The children of Giuki a-gley thou smotest,

And their good house didst hurl in wreck.”

And as the song went on, Styrbiorn thought in himself: Brynhild? Why was she to blame for it? It was Odin set that fire about her, and that weird upon her. And that was Sigurd that rode through the fire. And yet, it was not to Sigurd that she was wed, but to Gunnar, son of King Giuki: and Sigurd wedded not her, that was his right love, but Gudrun instead, King Giuki’s daughter. And then Brynhild slew herself on Sigurd’s funeral pyre. It is a strange unlucky tale, and not easy for a man to tell the rights and wrongs of it. And now she is riding down the cold and stony way of Hell, and this Ogress would plague her now and hold her back from Sigurd.

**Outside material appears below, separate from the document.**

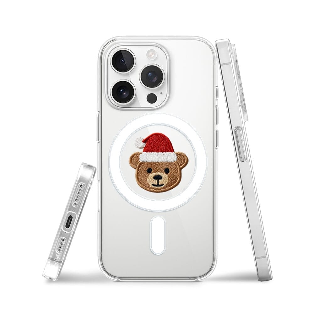 Etui do iPhone 15 Pro Max z MagSafe przeźroczyste, silikonowe Flexi, Przytulne święta, Miś mikołajek

In that study, and still looking with bodily eye on Queen Sigrid, he saw in her now in his mind’s eye Brynhild in her free and glorious time, “Hild the Helm’d,” the Valkyrie, Odin’s shield-may. Like as in a trance he watched and marked, with wondrous clearness yet with a mind removed and dispassionate, the proud-curved luxurious lips half-open; the white throat of her, strong and delicate; the bosom of her, pressed a little, as it rose, against the edge of her gown, then as it fell leaving a hollow that opened on sweet unseen depths of softness and beauty. His inward gaze moved downward, unhindered by the table that stood in the way of his bodily sight; downward to the jewelled girdle, the byrny’s skirt where it shaped its close-lying texture of shining interwoven rings of iron about the large rondure of her hips.

The skald spake the words:

“A viking better beyond all other

Deem’d they him in the host of the Danes.”

And Styrbiorn seemed in himself to be drowned yet deeper in the song, so that himself too was lost in it, and that which meant Sigurd meant him.

Then, at the words, “Upbraided me Gudrun, Giuki’s daughter,” he looked up: met, for the first time, Sigrid’s glance, and became on the instant like a man drunk. He sat staring with eyes wide open into her eyes that, wide open too and unblinking, looked full in his. Then the Queen looked away. Styrbiorn heard, as if from afar off, Thyri whispering in his ear some trifle of lovers’ talk. The gallop of his blood shook him so fiercely that he might not trust himself with speech. He reached out his hand to the mighty jewelled goblet before him, brimming with the froth of mead, and emptied it at a draught.